The return types of each constructor in a datatype are all the same: Nil and Cons both return List a. If we allow the constructors to return different types, we have a GADT:

data Empty -- this is an empty data declaration; Empty has no constructors
data NonEmpty

data NullableList a t where
    Vacant :: NullableList a Empty
    Occupied :: a -> NullableList a b -> NullableList a NonEmpty

Occupied has the type a -> NullableList a b -> NullableList a NonEmpty, while Cons has the type a -> List a -> List a. It is important to note that NonEmpty is a type, not a term.

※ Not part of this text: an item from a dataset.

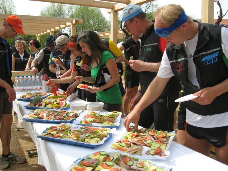 Nachdem sich zu früher Stunde bereits eine große Gruppe von Läufern der beteiligten Laufgruppen vor der Gaensefurther Schlossbrunnen Wüllner GmbH eingefunden hatte, verabschiedete deren Geschäftsführer Horst Braunisch die Teilnehmer, nicht aber ohne ihnen einen PKW voll mit erfrischendem Naß mit auf die Reise zu geben. Über die Roßbahn ging es dann zur 1. Etappe nach Staßfurt zu den Stadtwerken, wo die Läufer schon von OB René Zok und Betriebsangehörigen erwartet wurden. Die Übergabe der Staffelstäbe und die Einnahme einer kleinen Wegzehrung hingegen mussten zügig abgewickelt werden, hatte man doch durch einen Termin bei der LAGA in Aschersleben einen straffen Zeitplan vorgegeben. Wenn die Landesgartenschau für die älteste Stadt Sachsen-Anhalts das absolute Highlight des Jahres ist, warum nicht auch in den diesjährigen Stadtwerkelauf einbinden, dachten sich die Läufer von Ascania Aschersleben und sorgten damit für eine nette Bereicherung der Tagesplanes. Bei warmen, aber angenehmen Wind ging es weiter nach Bernburg, entlang der Bode und der Saale, deren Auen sich frühlingshaft geschmückt zeigten. Schon allein dieses Flair entschädigte für so manche Strapazen. In Bernburg bei den Stadtwerken angekommen, folgte dann der gewohnt herzliche Empfang mit Übergabe der Grußbotschaften, ergänzt durch einen leckeren Imbiß und weiter ging’s. An Verpflegung unterwegs mangelte es ebenfalls nicht. Die von Gaensefurther gesponserten Getränke und die Lunchpakete vom Speiseservice RiRo ließen diesbezüglich fast keinen Wunsch offen. Hatte trotz alledem ein Aktiver konditionelle Probleme, konnte er sich in einem der vier Begleitfahrzeuge erholen. 2 Sportler mussten leider ihren Plan, die gesamte Strecke durchzulaufen, nach 50 km aufgeben, denn das hohe Lauftempo forderte seinen Tribut. Bei dieser Eile übersah dann in den engen Promenaden von Aschersleben prompt ein Läufer einen Poller und es kam zu einer schmerzhaften Kollision. Aber zum Jammern blieb wenig Zeit, denn die Landesgartenschau wartete. Auf der Bühne im Weingarten war dann einige Prominenz versammelt und mittendrin unsere Helden mit den flinken Beinen, überwältigt vom folgenden Blitzlichtgewitter. Nachdem die eigentliche Mission des Laufes, die Übergabe einer Grußbotschaft auch an die Stadtwerke Aschersleben abgehandelt war, die die gute Zusammenarbeit auf kulturellem, wirtschaftlichen und natürlich sportlichem Gebiet dokumentieren soll, folgte die letzte Etappe der insgesamt 70 km langen Strecke.

Another example:

data Zero
data Succ n

data SizedList a t where
    Alone :: SizedList a Zero
    WithFriends :: a -> SizedList a n -> SizedList a (Succ n)

Inductive types in programming languages that have dependent types allow the return types of the constructors to depend on the values (not just the types) of the arguments.

Inductive Parity := Even | Odd.

Definition flipParity (x:Parity) : Parity :=
  match x with
    | Even => Odd
    | Odd => Even
  end.

Fixpoint getParity (x:nat) : Parity :=
  match x with
    | 0 => Even
    | S n => flipParity (getParity n)
  end.

(*
A ParityNatList (Some P) is a list in which each member
is a natural number with parity P.
*)

Inductive ParityNatList : option Parity -> Type :=
  Nil : forall P, ParityNatList P
| Cons : forall (x:nat) (P:option Parity), 
  ParityNatList P -> ParityNatList 
  (match P, getParity x with
     | Some Even, Even => Some Even
     | Some Odd, Odd => Some Odd
     | _, _ => None
   end).

A side note: GHC has a mechanism for treating value constructors as type constructors. This is not the same as the dependent inductive types that Coq has, but it lessens the syntactic burden of GADTs somewhat, and it can lead to better error messages.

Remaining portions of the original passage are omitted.